24-30 March 2017 #851

Hell or High Water

Hell or High Water justly joins the ranks of eight other excellent films that were nominated for “Best Picture” this year
Sophia Pande

It’s hard to come by a good western these days but Hell or High Water is one of them. It’s easy to see why it was one of the nine “Best Picture” nominees at this year’s Academy Awards (it didn’t win): it has the gravitas that the Academy tends to reward. Luckily, it also has an original mind behind it, that of Taylor Sheridan, the actor turned screenwriter who was also nominated for “Best Original Screenplay”.

While Sheridan may not have won an Oscar for his writing, he certainly deserves immense recognition for having written original source material that is insightful, surprising, brutal with reason, and a poignant, unusual hybrid of family drama, a gripping cops and cowboys chase, a heist film, and a brotherly romance without the usual nausea-inducing maudlin aspects.

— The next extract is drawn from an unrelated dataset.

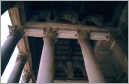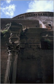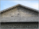 Die Vorhalle wurde beim Umbau unter Kaiser Hadrian an der Stelle gebaut, an der vorher der ursprüngliche Tempel stand. Sie ist 33,10 Meter breit und 15,5 Meter tief. Die vorderen Säulen, von denen die beiden linken im 17. Jrh. durch Säulen aus den Nero-Thermen ersetzt wurden, sind aus einem Block gehauene graue Granitsäulen mit korinthischen Kapitellen. Die Kapitelle und die Säulenbasen wurden aus weißem Marmor gefertigt. Hinter der ersten, dritten, sechsten und achten Saülen befinden sind je zwei weitere Säulen in der Tiefe, so daß ein dreischiffiger Vorbau entsteht (gut zu sehen bei den beiden mittleren Bildern). Das breitere Mittelschiff führt auf den Eingang mit der schweren Bronzetür zu. Die Seitenschiffe führe auf je eine Statuennische zu. Hier standen Statuen der Kaiser Hadrian und Augustus. Die Inschrift auf dem Giebel (siehe Bild oben) stammt von Kaiser Hadrian und erinnert an Agrippa, den Erbauer des ersten Tempel an dieser Stelle.

The film tells the story of two brothers, Toby and Tanner Howard (Chris Pine and Ben Foster) who decide to rob the entity that did them in, systematically holding up branches of the Texas Midlands Bank across the state to get what they need to settle their mortgage and stop their ranch from being seized, after an unfair loan was foisted on their ill mother when she needed money most.

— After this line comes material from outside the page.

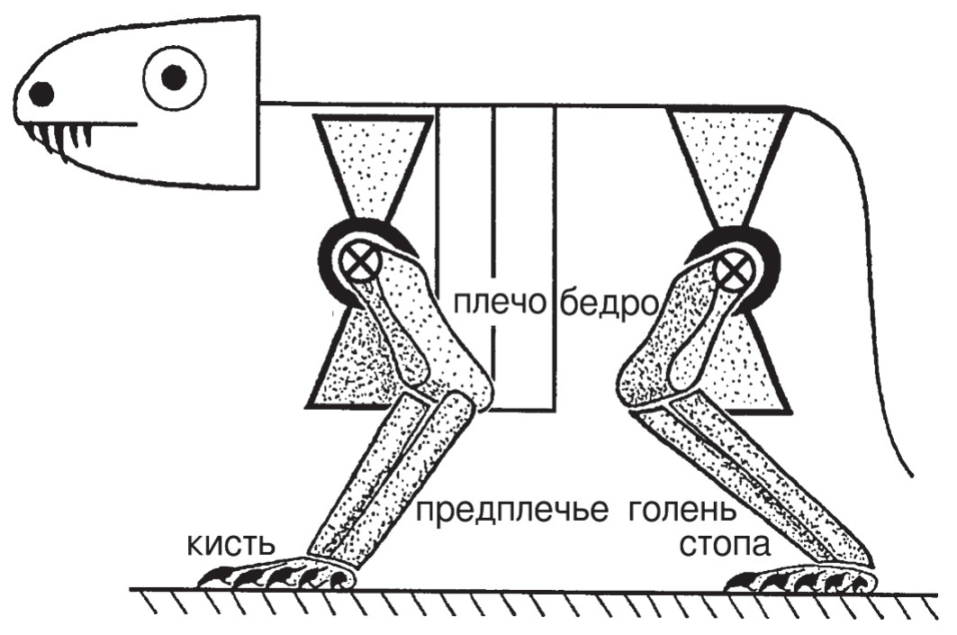 Американский сравнительный анатом Джеффрис Уаймен, напротив, был крайним антитропистом. В 1867 году он выпустил обстоятельную работу, в которой доказывал, что конечности наземных позвоночных полностью построены по антитропическому принципу. Уаймен, конечно, понимал, что лапы – то есть кисти и стопы – направлены в одну сторону. Если бы передняя и задняя лапы смотрели навстречу друг другу, они были бы антагонистами, и животное не смогло бы никуда двигаться. Но Уаймен считал разворот обеих пар лап вперед вторичным признаком, наложившимся на антитропический истинный план строения, проявления которого ему (как он считал) удалось найти у эмбриона человека.

The brothers are polar opposites. Toby is a family man estranged from his sullen wife who takes care of his two boys and holds years of unpaid child support against him. Tanner is the felon, a crazy, happy-go-lucky sociopath whose only saving grace is that he loves his brother. On their trail are Texas Rangers Marcus Hamilton (Jeff Bridges) and Alberto Parker (Gil Birmingham), an odd couple that give an insight into ingrained, casual southern racism, and the continuing plight of Native Americans (Alberto is a Comanche).

As the brothers rob bank after bank, Marcus Hamilton figures out their game (somewhat) making things more interesting. But just when you think you know what’s going to happen, things take unexpected turns, keeping everyone riveted in a beautifully shot film that shows so much more heart than the usual mainstream drama.

I cannot elaborate more on this fine film without giving things away, but I will say that Hell or High Water justly joins the ranks of eight other excellent films that were nominated for “Best Picture” this year. This is a promising turn given the dismal pickings from the past couple of years; deathly dull, derivative films have ruled in an industry where making money is the primary goal.

Hell or High Water was made for $12 million; it made $37.6 million at the box office to date and will certainly make more as it reaches DVD and other methods of home distribution. Not bad for a film that is original and full of interesting characters that actually seem like real people.